The client was advancing allogeneic cell therapy products through late phase clinical development to commercial launch. Quality by Design (QbD), Design of Experiments (DoE) and use of statistical tools had not been firmly embedded in the company from the outset of program development. A number of the release and in-process assays had high variability. This, combined with poorly understood proven acceptable ranges (PAR or design space) and normal operating ranges (NORs or control space) for the manufacturing process, led to unnecessary batch rejections. The client requested technical support for these specific challenges. However, the review highlighted a broader need for introducing a structured QbD approach across the product lifecycle, from cell banking & manufacturing, through to cryopreservation to reduce batch failure and provide narrower ranges for the product’s Critical Quality Attributes.
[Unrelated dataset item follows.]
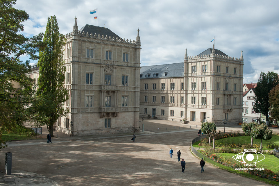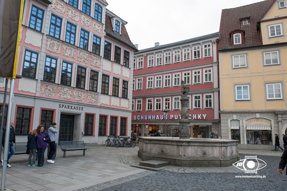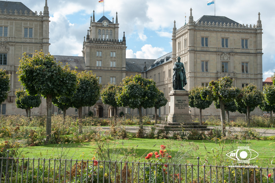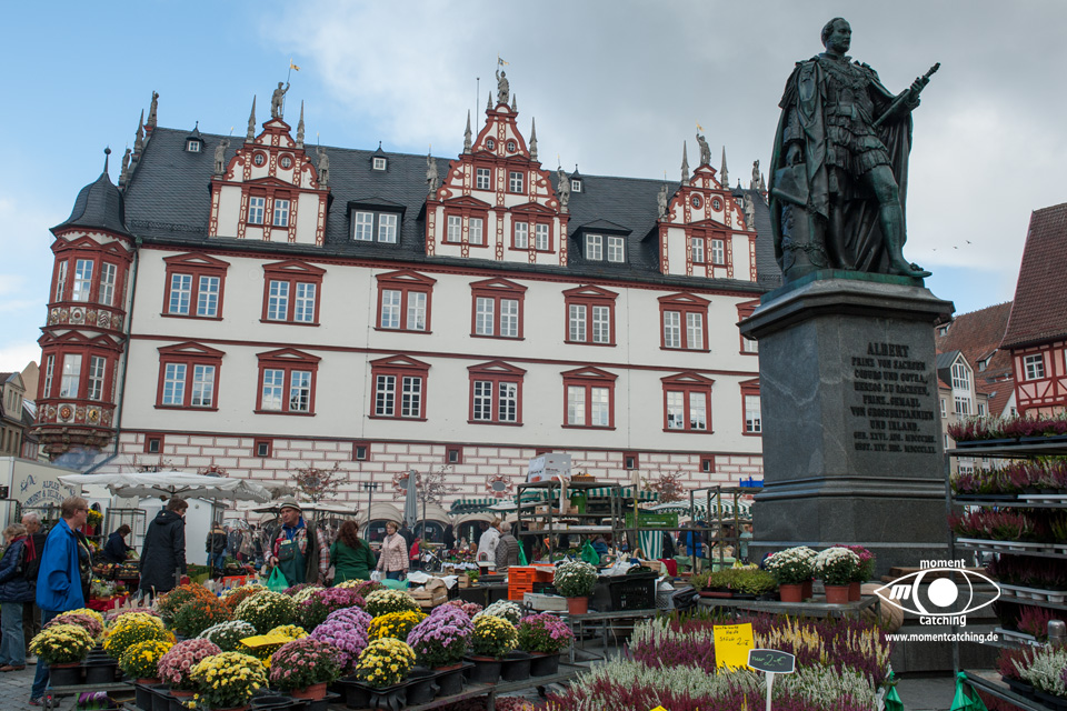 Wenngleich es heute Morgen lausig frisch war, so hatte doch der Himmel ziemlich große blaue Stellen. Den Weg nach Coburg rein kannten wir ja schon. Dieses Mal kamen wir auch gleich am Theaterplatz heraus. Wir haben uns als erstes das Schloss Ehrenburg angesehen. Auch bei dieser Führung waren wir mit uns, nur ganze sechs Personen. Das Schloss ist sehenswert und die Führung war auch ganz interessant. Nach der Schlossführung haben wir uns die Moritzkirche angesehen und sind am Marstallgebäude vorbei in den Hofgarten gegangen. Von hier aus hatte man eine gute Aussicht auf den Schlossplatz und die angrenzenden Gebäude. Auf dem Marktplatz haben wir ein original Coburger Grillwürstchen gegessen. Die haben richtig lecker geschmeckt. Man wirft auf die Holzkohle Tannenzapfen. Auf dem Markplatz und der Fußgängerzone war heute Autoausstellung. Wir haben uns einige Autos angesehen. Danach waren wir groggi und sind wieder zum Womo zurückgefahren. Da wir auch heute zu faul waren zur Gaststätte zu laufen, haben wir wieder Stulle mit Brot gegessen. |

GRA Solution: QbD Deployment and Improved Assays

GreyRigge introduced a comprehensive QbD framework across the program, including definition of Target Product Profiles (TPPs), Quality Target Product Profiles (QTPP), Critical Quality Attributes (CQAs), Critical Process Parameters (CPPs) together with supporting risk assessments.

Activities included:

• Parameter Attribute Matrices (PAMs) and process risk assessments

• Process limit evaluation and design space definition

• DoE-driven optimisation across formulation and cryopreservation

• Assay robustness studies using DoE, variance component analysis (VCA) to understand assay precision and design assay replication strategies

• Visual inspection assessment and error source reduction

• Statistical training and coaching to embed capability internally

This strengthened both manufacturing processes and analytical control strategies, aligning with regulatory guidance, specifically ICH Q11, ICH Q2(R2) and ICH Q14. Furthermore, the work enabled more appropriate specifications based on the data that justified the values selected across the products.

Value Added: Improved Control, Faster Path to Filing and Cost Efficiencies

By applying QbD approaches during mid- to late-stage product development, the client achieved:

• Significantly reduced assay variability and improved robustness
• Clear operating ranges and control strategies for the product
• Improved and efficient regulatory interactions and filing readiness
• Reduced development costs through focused experimentation
• Improved knowledge transfer across sites
• Organisational adoption of a sustained QbD mindset

The enhanced control strategy supported both product robustness and regulatory confidence as well as reducing batch rejections associated with both assay variability and a subjective visual inspection.

Consultants: CMC, Analytical Development & QC, MSAT, Statisticians.